Code for calculating the adult harvest proportion using both approaches is provided.
## [1] 0.7416332
## [1] 0.7416332
## [1] 0.1764706
There are alternative ways to determine cutoffs. Two such cutoffs are described below.
#### Section 8: (10 points) ####
(8)(a) Harvesting of infants in CLASS “A1” must be minimized. The smallest volume.value cutoff that produces a zero harvest of infants from CLASS “A1” may be used as a baseline for comparison with larger cutoffs. Any smaller cutoff would result in harvesting infants from CLASS “A1.”
Compute this cutoff, and the proportions of infants and adults with VOLUME exceeding this cutoff. Code for determining this cutoff is provided. Show these proportions. You may use either the ‘indexing’ or ‘count’ approach, or both.
## [1] 206.786
## [1] 0.2871972
## [1] 0.8259705
(8)(b) Next, append one (1) more vertical A-B line to our (6)(d) graph. This time, showing the “zero A1 infants” cutoff from (8)(a). This graph should now have five (5) A-B lines: “protect all infants,” “median infant,” “median adult,” “max difference” and “zero A1 infants.”
#### Section 9: (5 points) ####
(9)(a) Construct an ROC curve by plotting (1 - prop.adults) versus (1 - prop.infants). Each point which appears corresponds to a particular volume.value. Show the location of the cutoffs determined in (6), (7) and (8) on this plot and label each.
(9)(b) Numerically integrate the area under the ROC curve and report your result. This is most easily done with the auc() function from the “flux” package. Areas-under-curve, or AUCs, greater than 0.8 are taken to indicate good discrimination potential.
## [1] 0.8666894
#### Section 10: (10 points) ####
(10)(a) Prepare a table showing each cutoff along with the following: 1) true positive rate (1-prop.adults, 2) false positive rate (1-prop.infants), 3) harvest proportion of the total population
To calculate the total harvest proportions, you can use the ‘count’ approach, but ignoring TYPE; simply count the number of individuals (i.e. rows) with VOLUME greater than a given threshold and divide by the total number of individuals in our dataset.
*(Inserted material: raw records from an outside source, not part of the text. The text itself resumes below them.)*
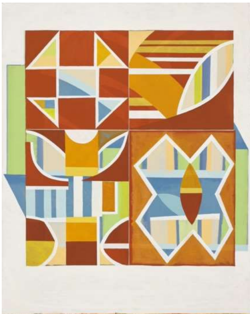
LIANG MANQI, Overlapping, Emotions, 2022, Oil on canvas, 150 x 120cm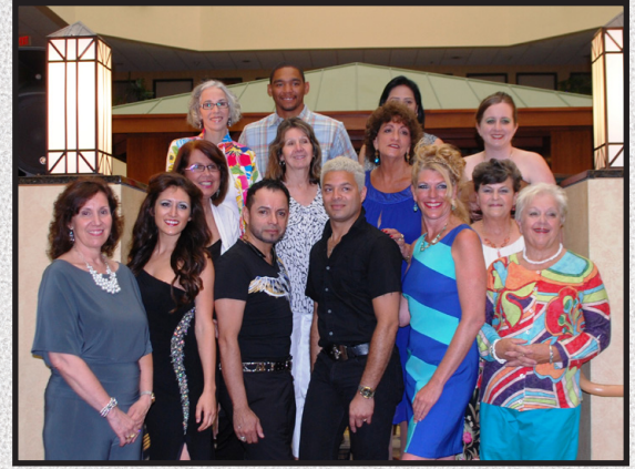
Pictured Above: Womens Business Council Lunch & Fashion Show at Embassy Suites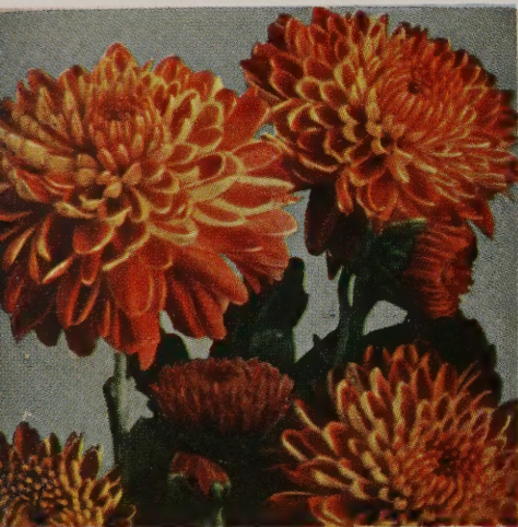
RED GOLD. 50c each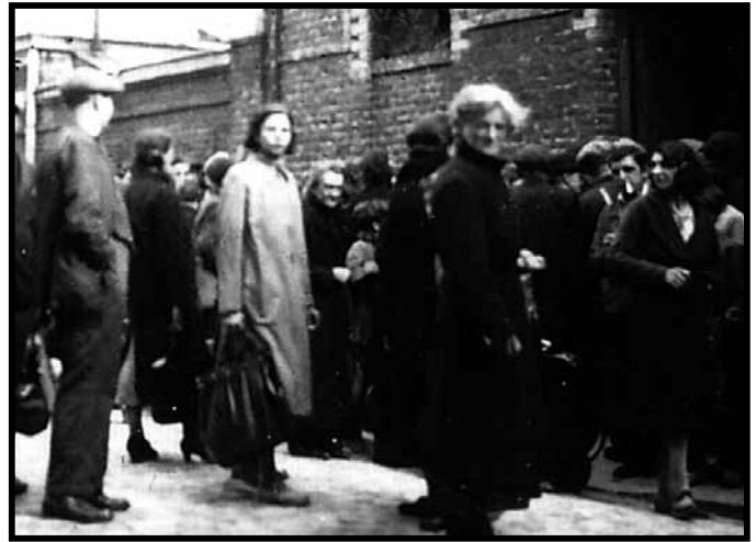
A SONG FOR YOU, January 11, 14

## Volume FPR TPR Total Harvest
## max difference 262.14300973 0.74163320 0.17647059 0.58397683
## zero A1 206.78597957 0.82597055 0.28719723 0.67567568
## median adult 384.55839450 0.02422145 0.49933066 0.36679537
## median infant 133.82145000 0.49826990 0.93306560 0.81177606
## protect all infants 526.63834130 0.00000000 0.24765730 0.17857143
Essay Question: Based on the ROC curve, it is evident a wide range of possible “cutoffs” exist. Compare and discuss the five cutoffs determined in this assignment.
Answer: The cutoff determined by the maximum difference between adult and infant abalone proportions harvested shows both a low proportion of both types harvested and the lowest true psoitive rate. The Zero A1 Infant cutoff has the highest false positive rate observed. The median adult cutoff produces the lowest false positive rate. The median infant cutoff produces the highest proportion of abalones harvested but the lowest volume. The Protect all infants cutoff yields the highest volume but thel owest proportion of abalones harvested.
Final Essay Question: Assume you are expected to make a presentation of your analysis to the investigators How would you do so? Consider the following in your answer:
Answer: I would make the recommendation to use the max difference cutoff due to its relationship between volume and proportion harvested, to help with sustaining the population, however since protect all infants minimizes the FPR, I would urge that in the name of sustainability for the population. I would urge the team to implement the protect all infants cutoff. In the future, I would recommend measuring more variables so that the FPR could be reduced even further.